Lars Ljungqvist (born May 12, 1959) is a Swedish economist probably best known as the author of Recursive Macroeconomic Theory, a standard graduate level textbook of modern macroeconomics, with Thomas J. Sargent.

Ljungqvist is a macro economist with seminal papers on labour: European unemployment, wage structures, information asymmetries and international trade. He held teaching positions at SUNY and was senior economist at Fed Reserve Bank of Chicago.

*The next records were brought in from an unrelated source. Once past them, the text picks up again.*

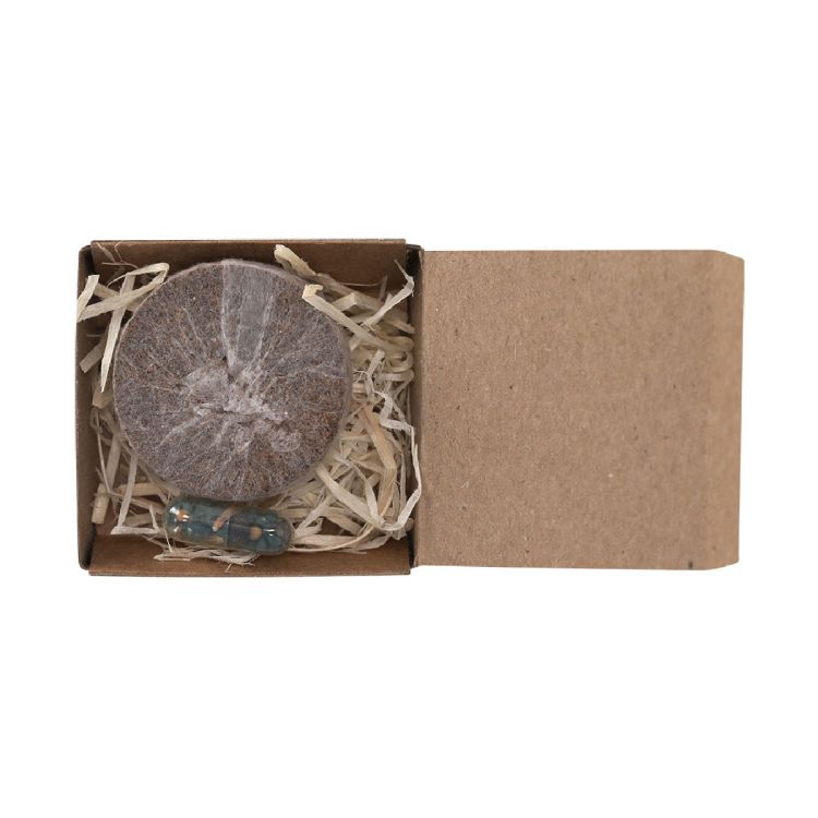 Pack plantable con cápsula de semillas y pastilla de sustrato, presentado en estuche de cartón reciclado con instrucciones de plantado. Flores silvestres. (color natural)
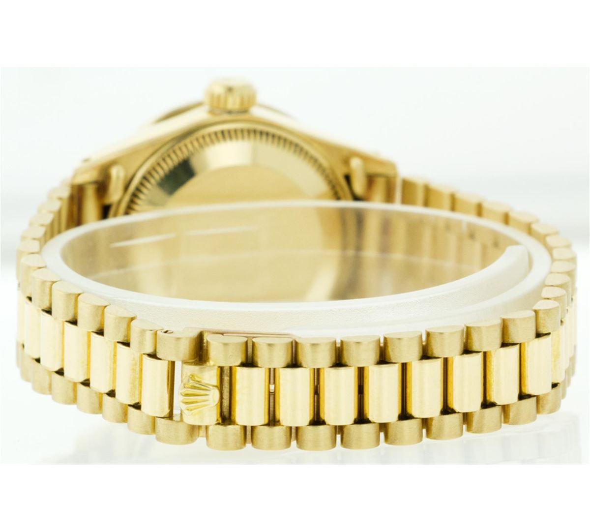 One Ladies Rolex President Polished, Serviced & Electronically Tested, Yellow Gold Case With Diamond Lugs: 26mm G to H In Color, SI1, Yellow Gold Crown, Custom Bezel: 18K Yellow Gold Sapphire Beadset Diamond Bezel, Diamond + Gem Count: 36 Diamonds + 4 Sapphires Total Weight .70 Carat, Clarity: SI-VS, Color: G to H. Custom Crystal: Synthetic Sapphire Cyclops Lens. Movement: Automatic Winding Movement Caliber 2030. Dial: Blue Vignette With Hour Markers, Clarity: SI-VS. Date Window: 3 O'Clock Position, Quickset, Model: 6917 Condition: G-6 Extra Fine. Bracelet: Yellow Gold President, Bright & Satin Polish. 5.5 Inch Length, Standard President Clasp (Hidden Clasp), With Rolex Logo.
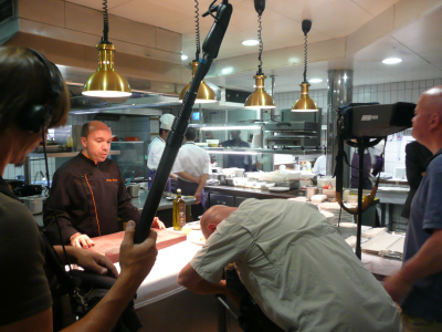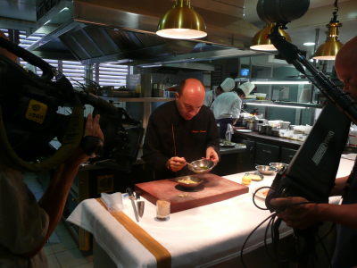 L’équipe de la Radio Télévision Belge Flamande ( RTBF ) dans les cuisines du Jardin des Sens
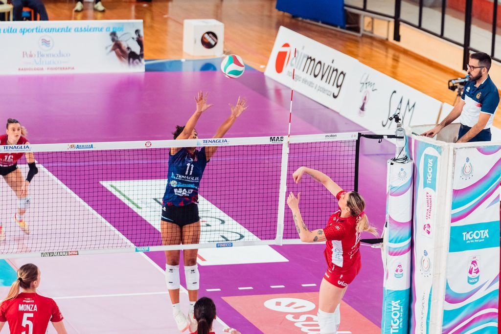 Lunghissimo il viaggio, piuttosto veloce il match, con Busto Arsizio brava a dettare subito il ritmo nel primo set e poi a tenere a bada le abruzzesi, impedendo a Ndoye e compagne di girare l’inerzia della gara. A dispetto di una ricezione con qualche difficoltà, le biancorosse aggiustano tutto con un attacco molto efficace (47%), con Sofia Monza brava a distribuire le responsabilità, trovando sempre buone risposte: top scorer è Alyssa Enneking con 16 punti ed un lussuoso 66% offensivo, seguono Elisa Zanette con 15 punti (44%) e Sofia Rebora con 11 (40%, 3 ace e 4 muri per il solito ricco tabellino). Buono anche il lavoro nei fondamentali di battuta (7 ace) e muro (14 totali).
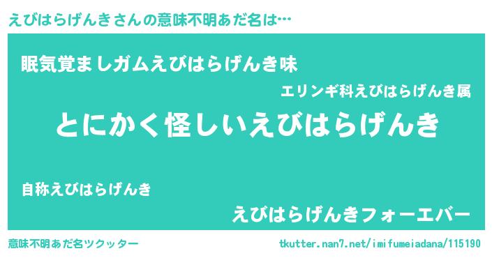 | 胡散臭い通販商品みたいなあだ名 | 『信頼と実績のペンダント…その名も「えびはらげんき」』 |
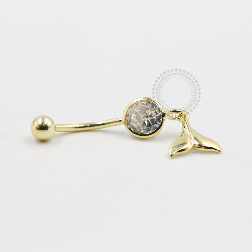 BN14 Navel CZ Pingente Calda Baleia Banho Ouro
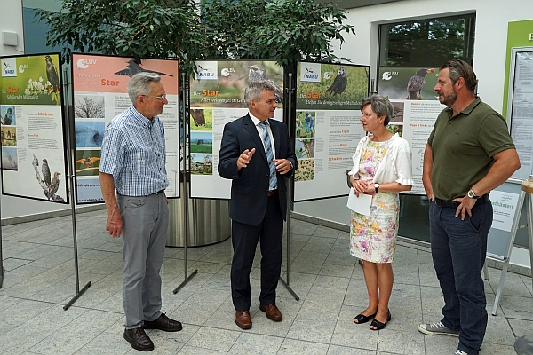 Auf diese Grundbedürfnisse auch der Tierwelt, vor allem aber auf die Gefährdung eines der am weitesten verbreiteten Singvögel Europas und Asiens, macht der LBV mit der kleinen Ausstellung im Landratsamt aufmerksam. Der Bestand an Staren ist in den letzten Jahrzehnten fast um die Hälfte zurückgegangen, erläuterte Dr. Bauer: Der Mensch lege im buchstäblichen ebenso wie im übertragenen Sinne Axt an die Lebensgrundlagen der Stare – aber auch der übrigen Vogelwelt und weiterer ungezählter Tierarten.

He is seasonal visiting professor at New York University where he lectures the macro PhD and MBA courses at Stern, and permanent Professor at Stockholm School of Economics.

==Selected publications==
- Ljungqvist, Lars (2002). "How Do Lay-off Costs Affect Employment?"
- Ljungqvist, Lars (2000). "Tax Policy and Aggregate Demand Management under Catching up with the Joneses"
- Ljungqvist, Lars (1993). "Economic Underdevelopment: The Case of a Missing Market for Human Capital"
- Christiano, Lawrence J. (1988). "Money Does Granger-Cause Output in the Bivariate Money-Output Relation"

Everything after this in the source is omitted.